Metingear does not currently support BioPax import but using the online tool BioPax2SBML we can convert the owl
file into something readable. Unfortunately the transition isn't seamless and there are a few hacks which need to be made.
This section will demonstrate how to import from BioPax using a fragment from Rhea - annotated reaction databases : (RHEA fragment download). With the file downloaded we unzip the owl
file and upload it to BioPax2SBML
once the file has been uploaded
Select the convert tool
When the conversion has finished, download the file and uncompress it.
We now have to modify the XML slightly, SBML version 3 does not support annotations (need to be loaded by a module) - unfortunately that module isn't complete yet so we now to manually downgrade the SBML version. You can still import Level 3 XML but there will be no annotations.
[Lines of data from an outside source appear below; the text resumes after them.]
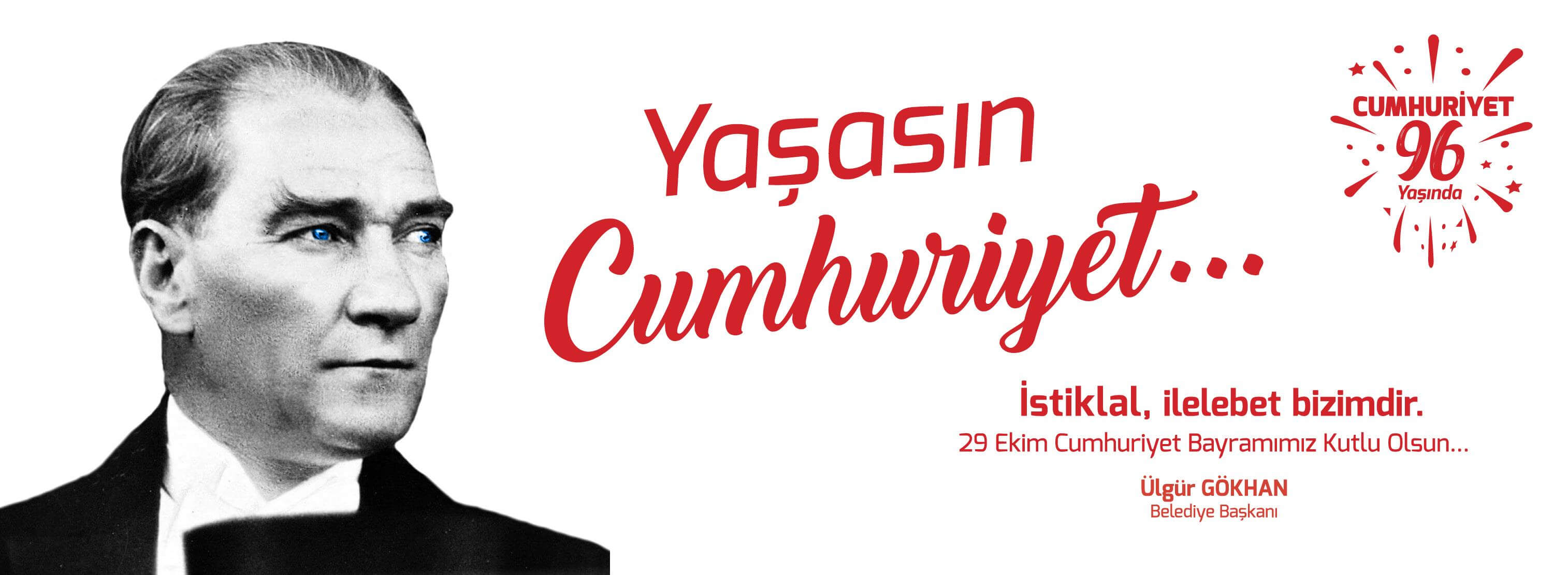 Bu duygu ve düşüncelerle ilkelerinden asla şaşmayacağımız, eşsiz bir miras olarak aldığımız ve çocuklarımıza emanet edeceğimiz Cumhuriyet’imizin 96. Yıldönümünü kutluyor; devrimleri ve dehası ile bize bu ufku açan büyük önderimiz Mustafa Kemal Atatürk başta olmak üzere, Cumhuriyet’in tesisi ve ilerlemesinde emeği bulunan herkese sonsuz şükranlarımı sunuyorum.
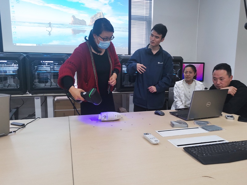 隨后,由思看科技高級技術(shù)工程師張雨給大家進行了現(xiàn)場實操演示,深入淺出地為大家示范,如何利用3D掃描設(shè)備完整采集物體的三維掃描數(shù)據(jù)并結(jié)合三維測量軟件輔助3D建模。 現(xiàn)場體驗 最后是精彩紛呈的現(xiàn)場掃描環(huán)節(jié),許多學生近距離體驗了思看科技最新的3D掃描產(chǎn)品。同學們一邊掃描物體,電腦端實時呈現(xiàn)該物體的三維數(shù)字模型,3D掃描的神奇魅力讓現(xiàn)場學生驚嘆不已。
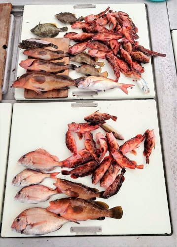 広島県呉市仁方発遊漁船七海です。 一つテンヤしてきました。 今日はOKさん、Nkwさん達と出てきました。 スタートは結構良い感じで行けたのですが 昨日と同じように中盤戦で結構苦戦。 後半ポツポツ釣れてやっとお土産くらいにでした。 遊漁船七海では二人体制でやっていますのでしっかりサポートさせていただきます。 初めて遊漁船に乗られる方でもお気軽にご連絡ください。 釣った魚は下処理をしてお持ち帰りいただけます。 餌のエビはシーズン中はしっかり用意させていただきます 釣果情報 2022/07/18 遊漁船 七海 タグ:釣果情報 , タイ , アコウ , カサゴ , 一つテンヤ , セトダイ , ギザミ , コチ , オコゼ
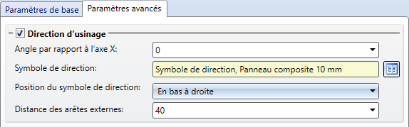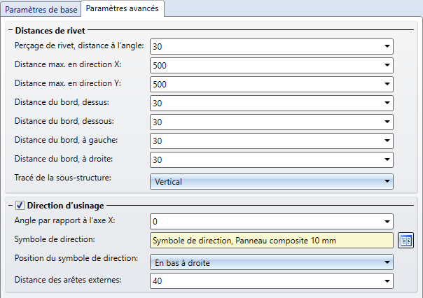 Fenêtre de dialogue ALUCOBOND riveté - Paramètres avancés
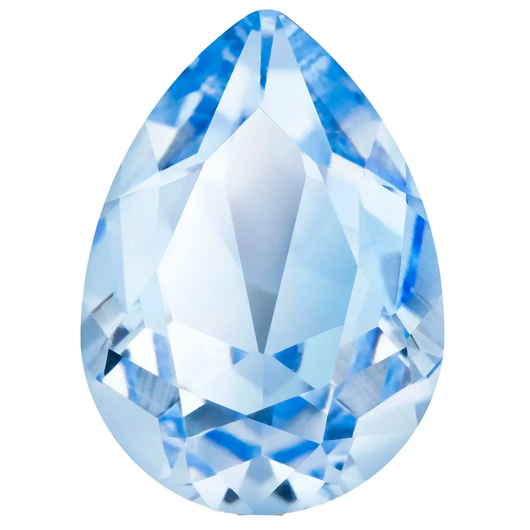 Preciosa fancy stones Baroque Pear in Aqua Bohemica are multi faceted pointed back crystals that have no thread hole and can be applied to fabric or to create jewellery designs using metal settings or in pre-made cavities. Preciosa baroque pear shape is designed to accentuate its unique and irregular pear shape, which resembles the flowing and asymmetrical forms found in Baroque art. The cut features multiple facets arranged in a way that enhances the crystal’s ability to reflect and refract light, creating a stunning display of sparkle and brilliance. The precise and symmetrical faceting of the crystal ensures that its shine and sparkle are consistent from one piece to another, while the baroque pear shape adds a touch of individuality and character to each crystal.
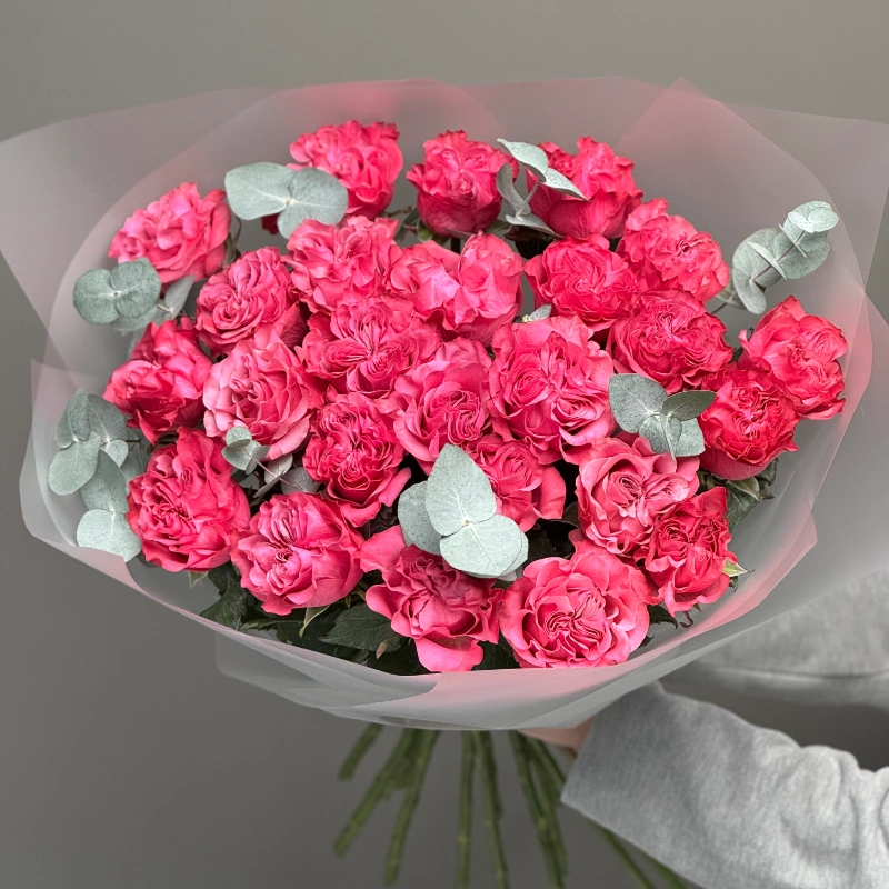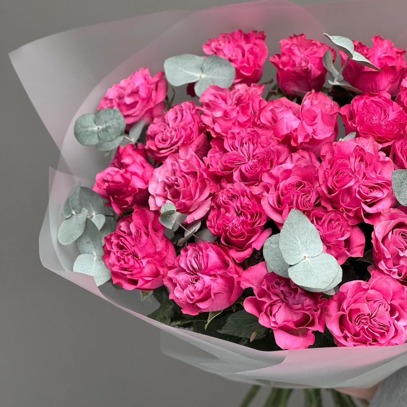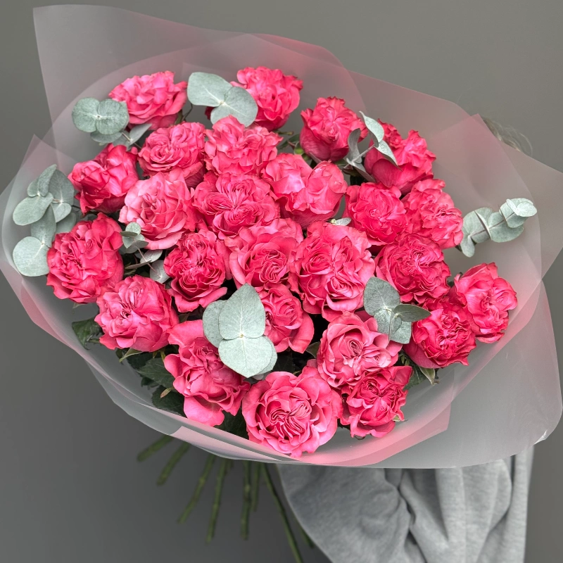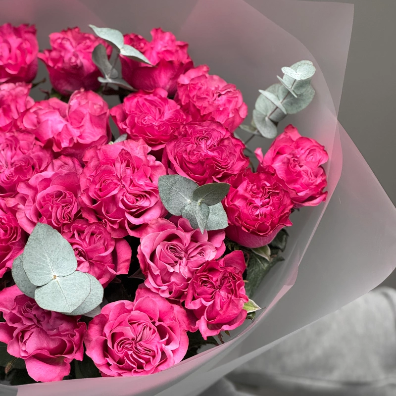 Пионовидные бантики КАНТРИ БЛЮЗ — 25 роз с эвкалиптом в фирменной упаковке. WOW эффект от подаренных роз 💕

With the SBML file open in a text editor change the <sbml
tag.
Head of XML
<?xml version='1.0' encoding='UTF-8' standalone='no'?>
<!-- Created by BioPAX2SBML version 1.0 on 2013-04-11 17:39 with JSBML version 1.0-rc1. -->
<sbml xmlns="http://www.sbml.org/sbml/level3/version1/core" qual:required="false" level="3" xmlns:qual="http://www.sbml.org/sbml/level3/version1/qual/version1" version="1">
<model id="SId_83805498" name="/rahome/webservices/galaxy/database/files/003/dataset_3078_files/10000-11219-rhea-biopax_lite.owl" metaid="meta_SId_83805498" timeUnits="time" substanceUnits="substance" volumeUnits="volume">
...
original tag
<sbml xmlns="http://www.sbml.org/sbml/level3/version1/core" qual:required="false" level="3" xmlns:qual="http://www.sbml.org/sbml/level3/version1/qual/version1" version="1">
changed tag
<sbml xmlns="http://www.sbml.org/sbml/level2" qual:required="false" level="2" version="4">
the head of the file should now look like this
<?xml version='1.0' encoding='UTF-8' standalone='no'?>
<!-- Created by BioPAX2SBML version 1.0 on 2013-04-11 17:39 with JSBML version 1.0-rc1. -->
<sbml xmlns="http://www.sbml.org/sbml/level2" qual:required="false" level="2" version="4">
<model id="SId_83805498" name="/rahome/webservices/galaxy/database/files/003/dataset_3078_files/10000-11219-rhea-biopax_lite.owl" metaid="meta_SId_83805498" timeUnits="time" substanceUnits="substance" volumeUnits="volume">
...
You can now import the file using Import SBML.